» **Raw data**
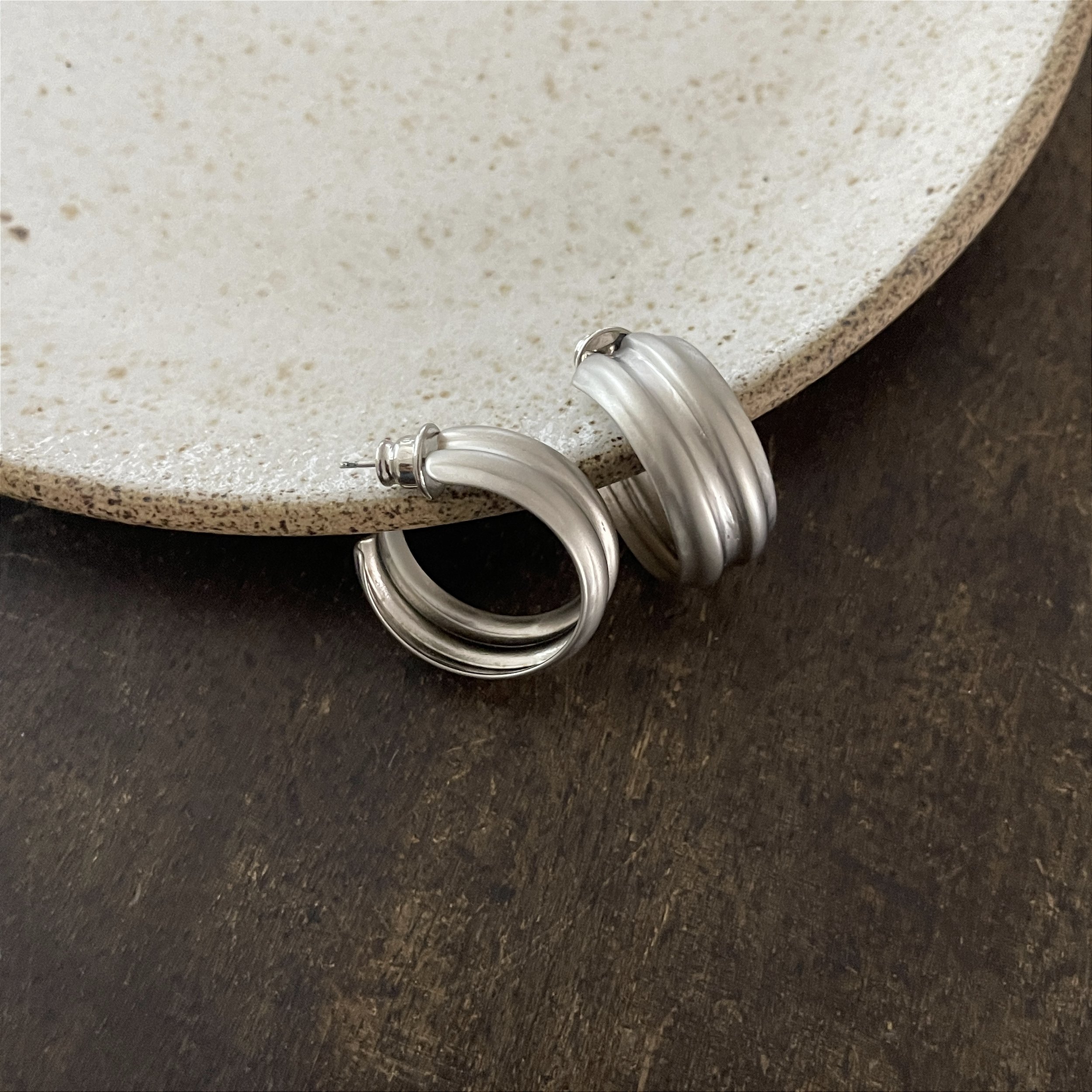 argola ródio fosco com relevo, fazendo parecer dupla, leve e fácil de combinar - bijuteria
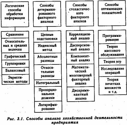 Для изучения влияния факторов на результаты хозяйствования и подсчета резервов в анализе применяются такие способы, как цепные подстановки, абсолютные и относительные разницы, интегральный метод, корреляционный, компонентный, методы линейного, выпуклого программирования, теория массового обслуживания, теория игр, исследования операций, теория нечетких множеств и т.д. (рис. 3.1). Применение тех или иных способов зависит от цели и глубины анализа, объекта исследования, технических возможностей выполнения расчетов и т.д.
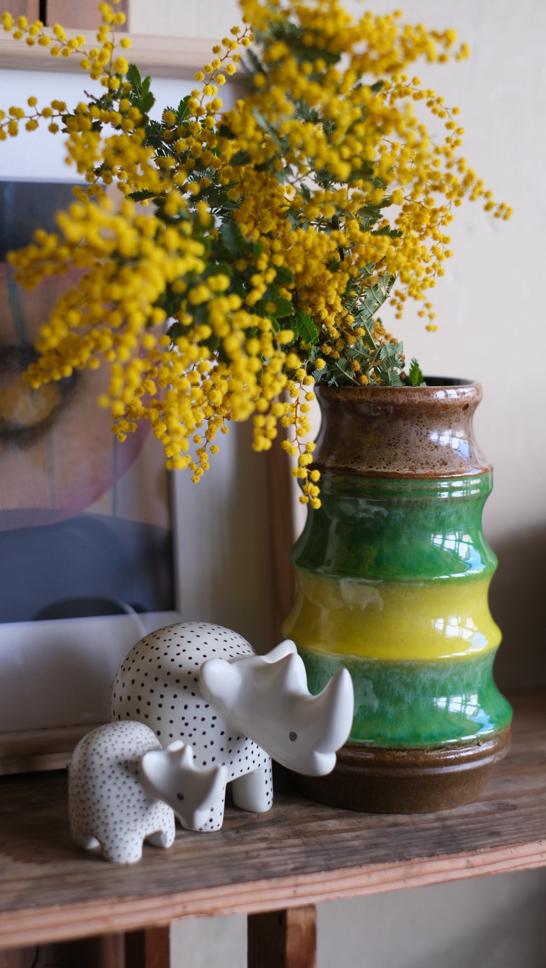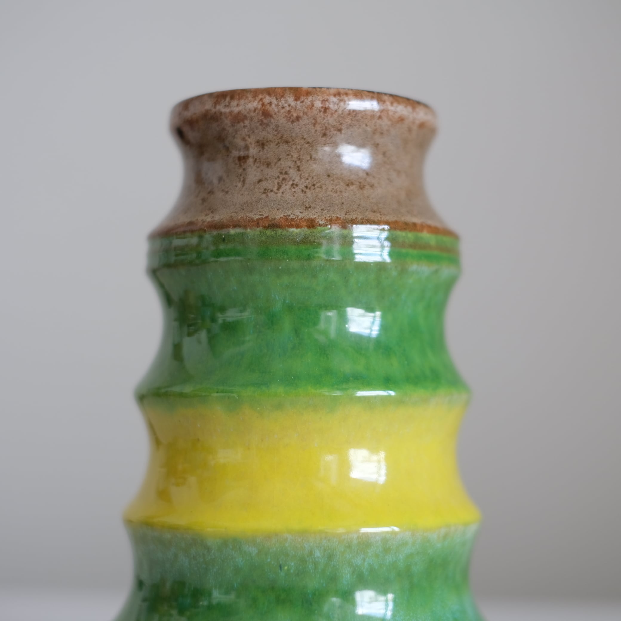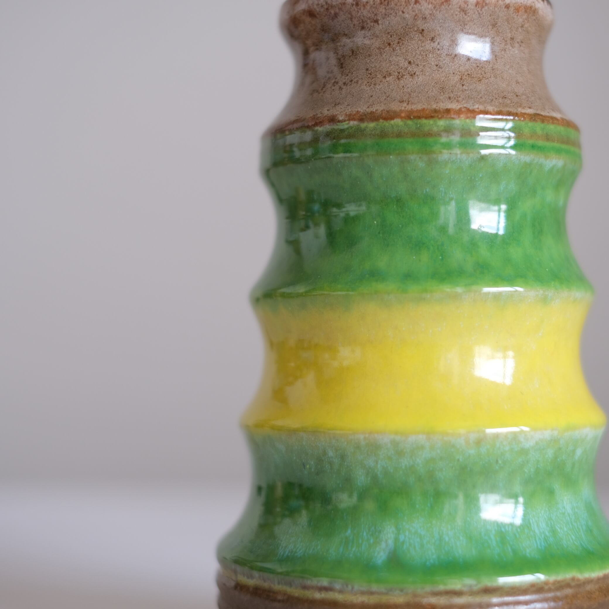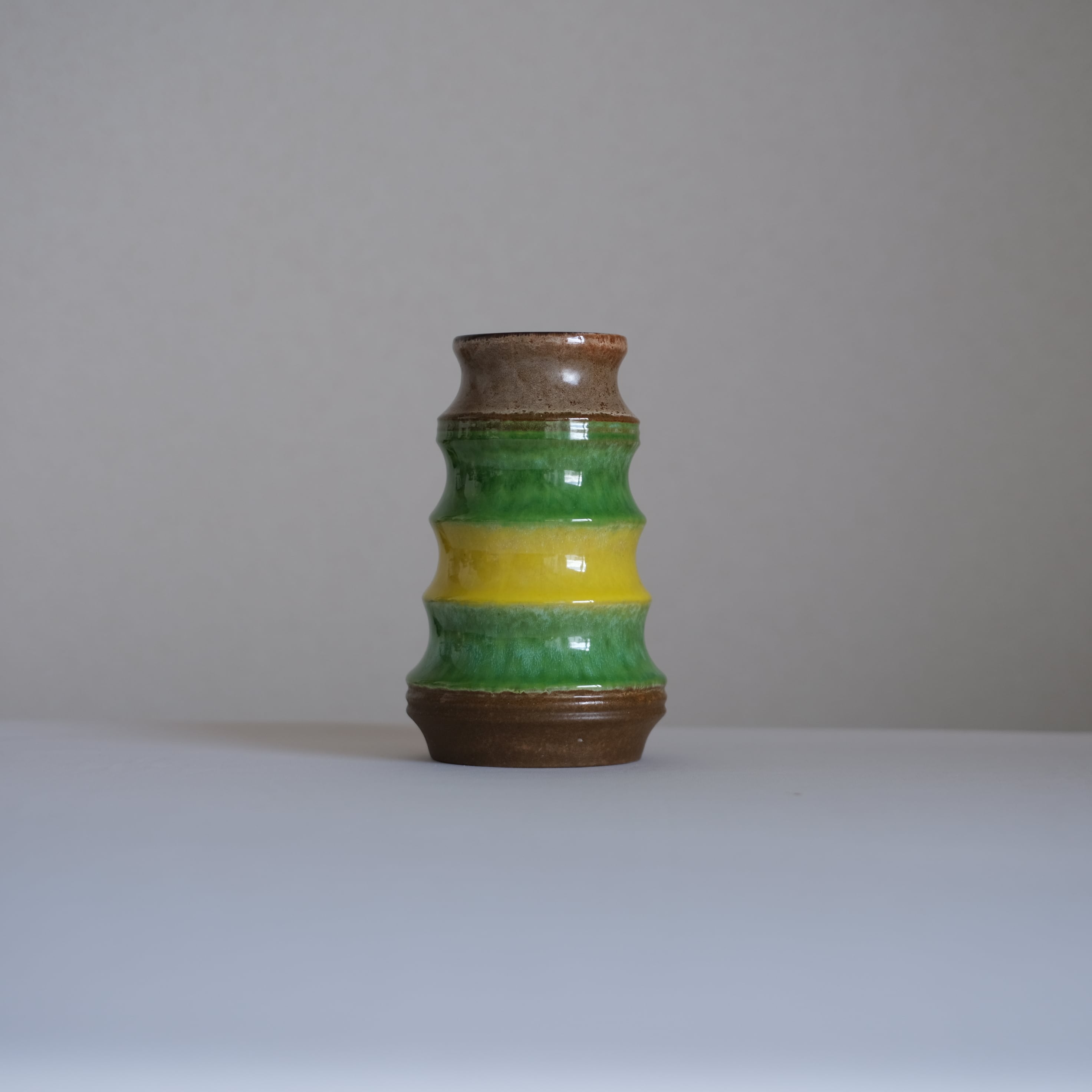 ドイツの豊かな色彩感覚が凝縮されたような、イエローとグリーンの花器。
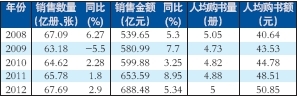 2012年销售数量和销售金额的增长,还使当年的全国人均购书跨上“新阶”。按国家统计局公布的2012年末全国人口数量计算,当年全国人均购书量为5册,人均购书额为50.85元,二者不但均比上年增长,还分别跨上5册和50元“新阶”(见表6)。

» **Task statement**
Without changing a word, retype the data above and omit its pictures.

» **Output for this task**
 argola ródio fosco com relevo, fazendo parecer dupla, leve e fácil de combinar - bijuteria
 Для изучения влияния факторов на результаты хозяйствования и подсчета резервов в анализе применяются такие способы, как цепные подстановки, абсолютные и относительные разницы, интегральный метод, корреляционный, компонентный, методы линейного, выпуклого программирования, теория массового обслуживания, теория игр, исследования операций, теория нечетких множеств и т.д. (рис. 3.1). Применение тех или иных способов зависит от цели и глубины анализа, объекта исследования, технических возможностей выполнения расчетов и т.д.
 ドイツの豊かな色彩感覚が凝縮されたような、イエローとグリーンの花器。
 2012年销售数量和销售金额的增长,还使当年的全国人均购书跨上“新阶”。按国家统计局公布的2012年末全国人口数量计算,当年全国人均购书量为5册,人均购书额为50.85元,二者不但均比上年增长,还分别跨上5册和50元“新阶”(见表6)。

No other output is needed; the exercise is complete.